Ethiopian ecclesiastical titles refers to the offices of the Ethiopian Orthodox Tewahedo Church, a hierarchical organization. Some of the more important offices are unique to it.

==Titles==
Ethiopian ecclesiastical titles include:

- Patriarch we Re'ese Liqane Papasat — Patriarch and First of the Archbishop, meaning Catholicos. Since 1959, the title of the head of the Ethiopian Orthodox Church is Patriarch Catholicos of Ethiopia. The first Patriarch, Abuna Basilios was enthroned by the Coptic Orthodox Pope Cyril VI in 1959, and so the Patriarchs of Ethiopia are part of the Apostolic succession of the Holy See of St. Mark. The Ethiopian Patriarchate combined the old offices of Abuna and Ichege (see below). In 2001, the title of Archbishop of Axum was added to the titles of the Patriarch after Axum was elevated to the rank of an Archdiocese by the Holy Synod.
- Abuna — Metropolitan Archbishop of the Ethiopian Orthodox Church. From the 4th century until the middle of the 20th century he was a Coptic Metropolitan appointed by the Coptic Orthodox Pope of Alexandria and Patriarch of All Africa to serve as its leader. However, as time passed, the authority of the Abuna was reduced to little more than a figurehead largely because the incumbents spoke little Ge'ez or Amharic. In 1948, the Coptic Orthodox Pope Joseph II under request from Emperor Haile Selassie, appointed the then Ichege (see below) as the first Ethiopian born Archbishop, Abuna Basilios, and granted the Ethiopian church autocephaly. His successor as Coptic Orthodox Pope, Cyril VI, elevated Abune Basilios to the exalted rank of Patriarch in 1959. The title of Abuna is now held by all the numerous Archbishops and Bishops of the Ethiopian Orthodox Church.
- Nebure-Id — ("Laying of hands.") -- the High Priest or Supreme Pontiff of Ethiopia, was responsible for ordaining and anointing others through the ceremonial act of "laying hands on them." This same ritual was employed during his own ordination and anointment, with a delegation of electors from the Three Houses of the Kingdom participating in the symbolic act of "laying hands on him."

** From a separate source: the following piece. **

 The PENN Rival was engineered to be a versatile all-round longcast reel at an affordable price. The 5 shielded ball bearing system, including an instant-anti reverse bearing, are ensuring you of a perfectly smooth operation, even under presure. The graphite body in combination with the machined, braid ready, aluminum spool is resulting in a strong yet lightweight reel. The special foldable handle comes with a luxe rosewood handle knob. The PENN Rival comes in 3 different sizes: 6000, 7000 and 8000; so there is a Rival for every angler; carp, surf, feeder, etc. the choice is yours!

- Ichege — the abbot of the monastery of Debre Libanos, who served as the second highest ecclesiastic of the Ethiopian church, and was often the de facto head of that church. Margary Perham describes the position as comparable to a Vicar-General. Beginning in the mid-17th century, the Ichege lived at Gondar while the capital was in that city. The Ichege followed the capital when it moved to Debre Tabor, Mekele and ultimately Addis Ababa.
- Sebate — Administrator of the Debre Libanos Monastery and deputy to the Ichege.

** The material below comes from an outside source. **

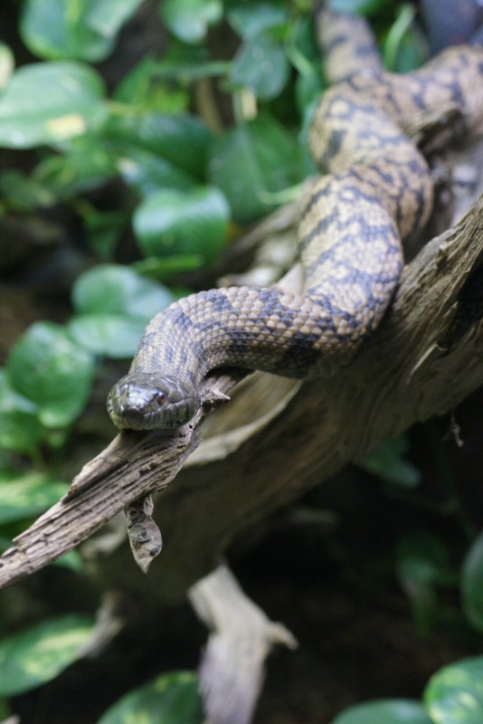Dobry kadr po skosie, rzutki tytuł. Ale trochę dużo ciemnych stref a ponadto ostrość uciekła zamiast na czubek nosa to na korpus węża.

- Aqabe Sa'at ("Guardian of the Church hours") -- Chaplain to the Emperor, who served as the third highest ecclesiastic. In earlier times, this office was held by the head of the abbots of Istifanos Monastery in Lake Hayq; the earliest recorded abbot of Istifanos to also serve as aqabe sa'at was Za-Iyasus during the reign of Amda Seyon I. This office is extinct.
- Qomos — Canon, who has a role in the creation of tabots.

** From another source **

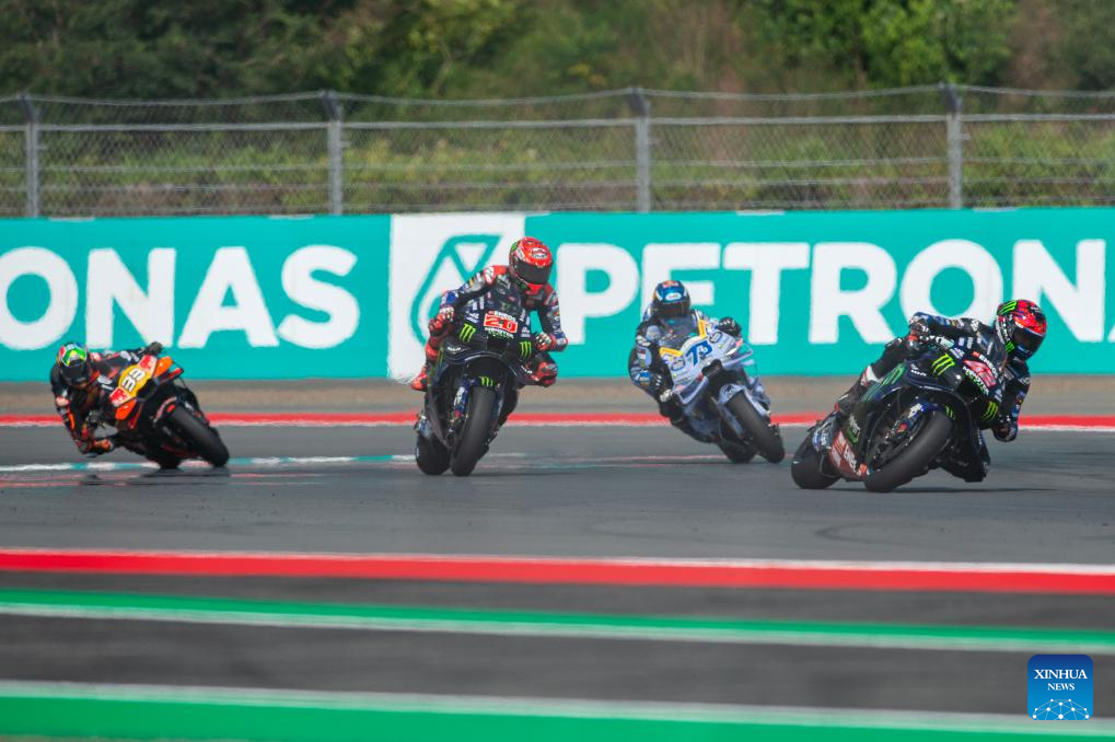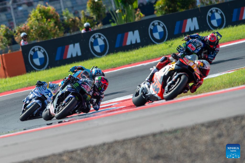 BK8 Gresini Racing MotoGP's Spanish rider Alex Marquez (2nd R) chases Monster Energy Yamaha MotoGP's French rider Fabio Quartararo (2nd L) and Monster Energy Yamaha MotoGP's Spanish rider Alex Rins (1st R) in the MotoGP race at the Pertamina Grand Prix of Indonesia 2025, held at the Pertamina Mandalika Circuit in Lombok Island, Indonesia, on Oct. 5, 2025. (Xinhua/Veri Sanovri)

- Lique Siltanat' — "Arch-hierarch" title originally granted only to the Dean of Holy Trinity Cathedral in Addis Ababa, but today is granted to the deans of most of Ethiopia's cathedrals.
- Lique Liqawint — "Arch-scholar", head of all clergy in a province. This title was granted to the Dean and Abbot of the Ba'eta Le Mariam Monastery, the mausoleum church on the grounds of Addis Ababa's Imperial Palace, where Emperor Menelik II and Empress Zewditu are buried.
- Qess-Priest. Leader of the Mass
- Lique Diaqon — Archdeacon.
- Diaqon — Deacon. In Ethiopian Christianity three deacons and two priests are required to correctly celebrate Mass.